MATT KLENTAK'S name had barely found its way into Twitter universe last week when a familiar name kept buzzing his cellphone.

"Blowing up with messages from Shane Victorino," said the new Phillies general manager. "He's super excited. He said, 'Matt, when the team is good in the postseason, that town is rocking. There is no better place . . . You are going to love that town, those fans . . . It's through the roof.' "

Seven years to the day that the Phillies blew our collective roof off with the city's first championship in 25 years, an alternate universe played out Thursday night at the Wells Fargo Center. A sparse, late-arriving and early-to-bed crowd well short of the 19,241 tickets sold watched the home team lose to the New Jersey Devils, 4-1.

It was a lifeless night and an even more lifeless game, its most significant event quite possibly the 2015-16 season debut of Vinny Lecavalier after eight consecutive healthy scratches.

Like Ryan Howard, Lecavalier, now 35, plays out the remaining seasons of a once-dominant career both burdened and enabled by a contract that far exceeds his current value, and is in direct conflict with the long-range youth movement the Flyers have undertaken.

Unlike Howard, Vinny will likely never experience a night here like the one Howard - and Victorino - went through seven years ago. His memories of this place will instead consist of nights like last night, when lethargy and indifference both on the ice and off gave the Wells Fargo Center all the magic of a men's league game at midnight.

Vinny had five shifts in the first period, four in the second, spending a total of 5 minutes, 31 seconds. He used to log that in the first 10 minutes of play during those 14 seasons at Tampa Bay. In eight of those seasons, he played in at least 80 of his team's 82 games, and in two others he missed a total of 11.

Last night's game was his 1,164th in an NHL uniform. For five consecutive seasons beginning in 2002, Lecavalier scored at least 33 goals. His best year was 2006-07, when he poured in 52 goals and finished with 108 points. His discernible decline in both productivity and health began a couple of years later, and Holmgren's offer sheet was extended the summer after he played in only 39 games.

Which is a long way of saying Lecavalier's current plight is hardly a matter of a fat-cat athlete.

"It's tough," he said of his current plight. "There's no flow.

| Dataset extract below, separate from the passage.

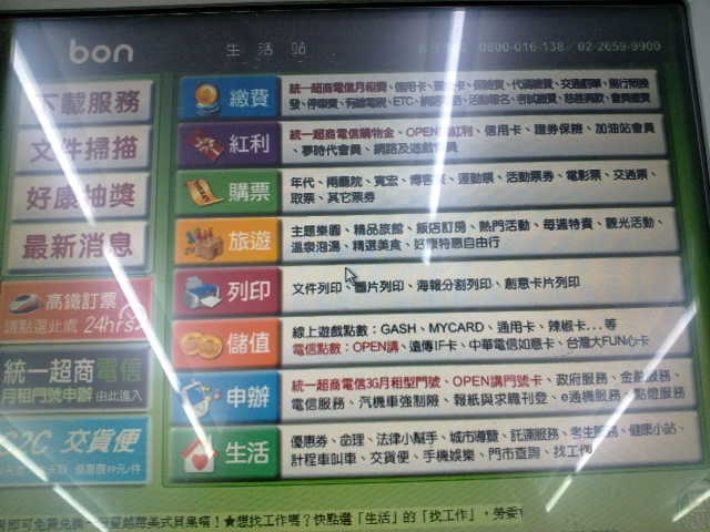 帰国後調べると、ibonの専用サイト、7-ELEVEN ibon 便利生活站を発見。しかもこのサイトには、各種サービスの操作DEMOがあった。これで次回からは自分でibonの操作ができる。

You're just not warmed up. I try to go when there's whistles, just skate around. The last couple of years have been like that. You kind of have to battle through that. I never understood that before. But it's tough to play so little minutes and stay warm because you can't. I want to make a difference."

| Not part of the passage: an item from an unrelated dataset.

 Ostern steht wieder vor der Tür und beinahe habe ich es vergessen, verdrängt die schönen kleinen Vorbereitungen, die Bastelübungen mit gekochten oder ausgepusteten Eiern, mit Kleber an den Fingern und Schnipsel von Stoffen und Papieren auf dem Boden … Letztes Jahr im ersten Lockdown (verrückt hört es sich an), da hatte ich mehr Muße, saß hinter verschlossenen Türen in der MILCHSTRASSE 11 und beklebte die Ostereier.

The Flyers' lone goal came on a soft, deflected goal from the point by Luke Schenn late in the second period, enabled by Lecavalier's stick check of Devils defenseman Jon Merrill behind New Jersey's net.

Later in the third, amid one of his three shifts in that period, Lecavalier fired a snap shot that was turned away by New Jersey goaltender Cory Schneider.

He never made it back on the ice.

"I don't need to talk to anybody," he had said the day before. "I don't need to have conversations with people to feel better. It's more about me being ready for the next game if I'm out there. I've been through last year. Last year was tough. Now it's about me telling myself the right things and doing the right things out there and working hard in practice."

There is a morning skate Friday. He will find out then if he's playing that night. Day-to-day, shift-to-shift, playing out a contract that is ridiculously rewarding and suffocating in the same breath. Playing for a team that is an assemblage of spare parts, waiting for the next era to arrive, its fans walking that fine line between impatience and indifference.

He is in the third season of a five-year contract that averages $4.5 million a year, and if you think he should retire rather than practice with this team for the rest of the contract, your indifference to money rivals that of the Dalai Lama.

Vinny Lecavalier was in Tampa seven years ago, watching the hometown team lose on a cold night in Philadelphia. He had won his championship in 2004, had scored 52 goals, he was big in a place whose fandom will never, on its best of days, come anywhere near the madness that ensued that night.

That was Shane Victorino's Philadelphia.

Ryan Howard probably keeps himself sane these days remembering it.

Vinny? "Maybe before I had kids, it would be a different story," he said. "But I try not to take it outside the rink."